Bidders are highly motivated to do well: to submit, on time, a compliant proposal that will score well and offer the lowest price they can. So why don’t they do better? A major reason is the complexity of bid documents.  Simpler documents will lead to fewer questions during the process, and to better responses at the end of the process, where “better” means closer to the requirement, easier to evaluate, and more competitively priced. Herewith, three specific examples of one practical suggestion for keeping it simple.

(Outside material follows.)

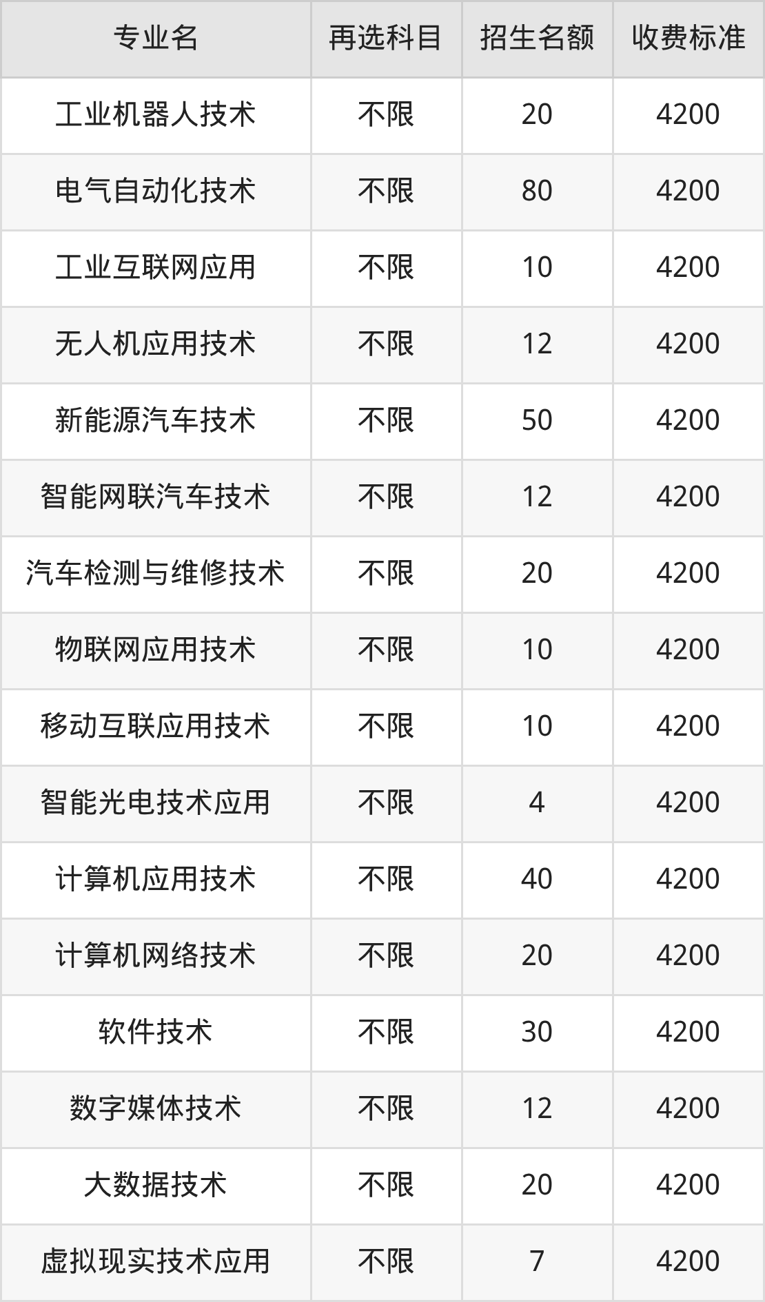 许昌电气职业学院在历史组高职专科批招生的各个专业,每年的学费是3700元-4200元。招生人数最多的专业是机电一体化技术,2025年招80人,学费是4200元。

This week’s advice can be summed up in two words: Get visual.

Use a Picture

Schedules are best communicated visually. To ensure your schedule is feasible, lay out the dates or durations on a timeline. To ensure it’s clear, name the milestones and periods/stages, and then remove any terminology variants from the document.

Use a Form

When you want data, not lengthy narrative, design a simple form for bidders to populate. Whether it’s details on experience, or equipment/product specifications, a form helps ensure that answers are complete, and simplifies both the bidder’s job in organizing the information, and the evaluator’s job in assessing it.

Use a Spreadsheet for Bidder Questions

Give bidders a spreadsheet to submit questions. That gathers all the necessary information in a standard format, allowing you to easily combine questions from different bidders, and saving bidders the bother of designing a readable format.



 

This post is based on an article I wrote for the National Institute of Government Purchasing, Canada West Chapter.